Interesting how the stock changes so fast. I was there 3 weeks ago and they had TONS of pigments...went back a week later and they had not a one! I wish there was a definite date of when they get new shipments so I could regularly check back before stuff disappears. 
	

	
	
		
		

		
		
	


	




Anyway, I plan on returning soon and will let you all know what I see there.


----------



## MissMarley (Feb 20, 2007)

*Re: Kansas City, KS...Coco Pigment*

anyone been here recently? i'm going on saturday...


----------



## MissMarley (Feb 25, 2007)

*Re: Kansas City, KS...Coco Pigment*

HUGE shipment came in..wow

Intense Eyes, Cool eyes palettes from this Christmas, all three lipstick/lipgloss in bag sets, brush set (not the one with the 187 se though), Shell Pearl and Sunsparked Pearl beauty powder, Boudoir Hues quad, Sweetiecakes quad, and the quad from Naturally Eccentric w ith the green shade...TONS of lipglass and lipstick, blush duos, regular blushes, most of the regular line of fluidlines plus new weed and lithograph...I spent way too much

If anyone is going there soon, could you page me please?


----------



## drivenbyyourmom (Mar 19, 2007)

*KCK CCO at the Legends*

I was in there on Friday and the MAC selection was dwindling again, BUT the ladies there know I come in all the time and one of them said, "We're getting a HUGE shipment of MAC in on Monday. It should be out on the shelves by Tuesday." I plan on heading over there on Wednesday and will update with anything interesting I find, but I wanted to give the Kansas City ladies a heads-up.


----------



## courters (Apr 21, 2007)

I was just there yesterday (4/20) and they had a HUGE shipment come in.  I can't remember all the shade names, there was so much stuff, but here is what I can remember...

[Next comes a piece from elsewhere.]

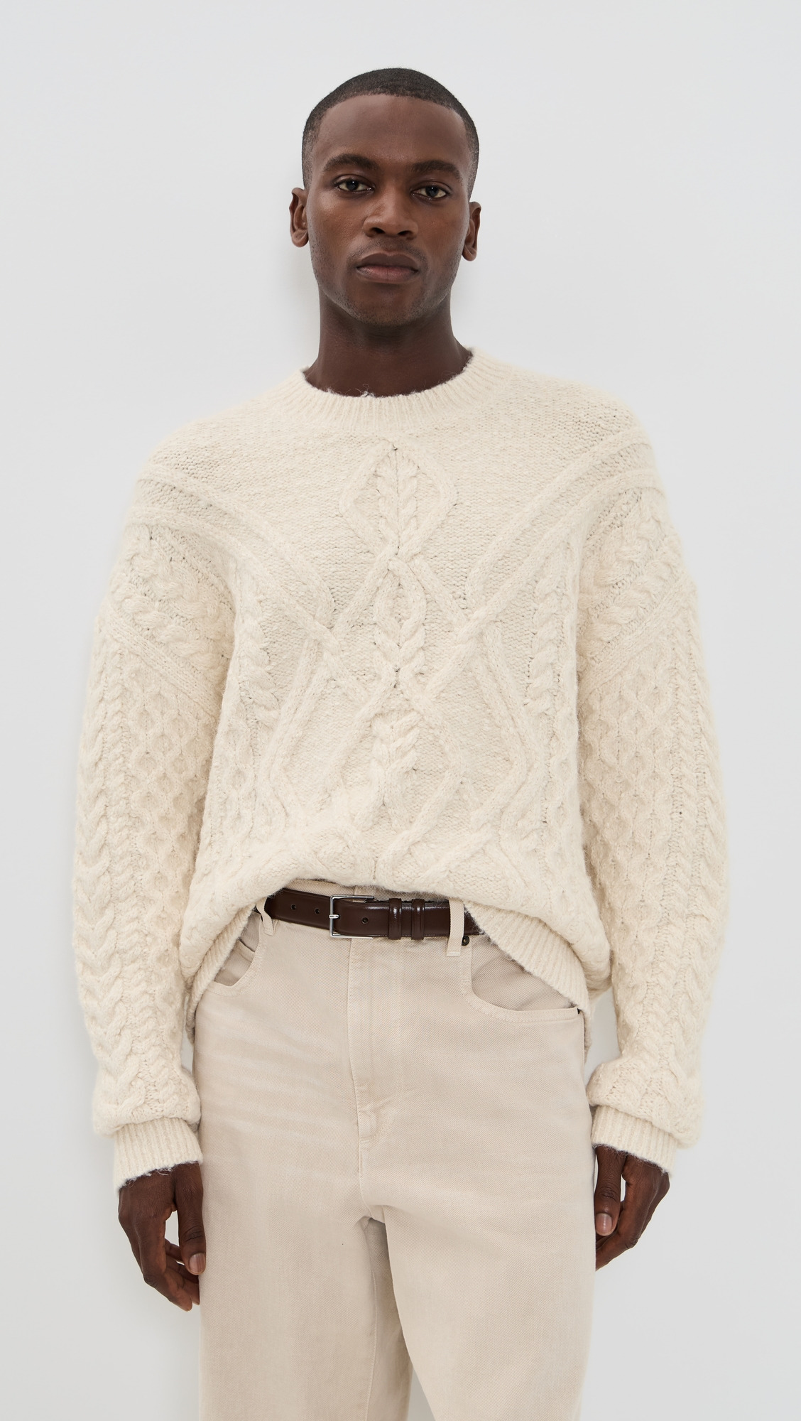 - Fabric: Heavyweight chunky cable knit with stretch - Ribbed trim - Crew neck - Long sleeves with dropped shoulders - Shell: 57% cotton/14% polyamide/13% alpaca/11% acrylic/4% wool/1% elastane - Hand wash - Imported, China Style #ISMAR31195 Size & Fit Model measurements: Size L: Idriss (6'1") usually wears size M-L Measurements from size L Length: 26in / 66cm Sleeve: 33.5in / 85cm Chest: 49.5in / 126cm

-TONS of lipglass/lustreglass/chromeglass (including four Lure shades)
-TONS of lipsticks
-probably five or six shades of pro longwear
-probably five or six shades of paint and shadesticks
-a handful of brushes, mainly larger ones for the face
-the green lip palette from Holiday 05
-the cool eyes palette from Holiday 05
-all the lip sets from Holiday 06
-two basic brush sets (Holiday 05 and 06)
-six or seven eyeshadows including Mancatcher, Black tied, Aquavert, Bateau, and Belle Azure
-six or so pigments
-a lot of nailpolishes
-a couple smaller makeup bags in cream and black
-a lot of fluidlines (maybe ten?) including Lithograph, Nightfish, Silverstroke, Iris Eyes, Shade, and Blue Peep
-they also had a lot of face products like Select Tint and concealer and probably five or so blushes (but they all seemed like darker shades)
 -three eyshadow quads: Free to Be, Take Wing, and another one

Sorry I can't remember all the shade names, there was just way too much stuff!


----------



## makeup_junkie (Apr 29, 2007)

Which pigments?  More than the usual glitters?


----------



## courters (Apr 29, 2007)

I didn't look too closely, the only pigment I usually use is vanilla.  Sorry!  All I remember is some darker colors and a dark gray one.  They didn't look glittery, but looks can be deceiving.


----------



## makeup_junkie (May 25, 2007)

I was there yesterday (5/24) and there is a lot of new things...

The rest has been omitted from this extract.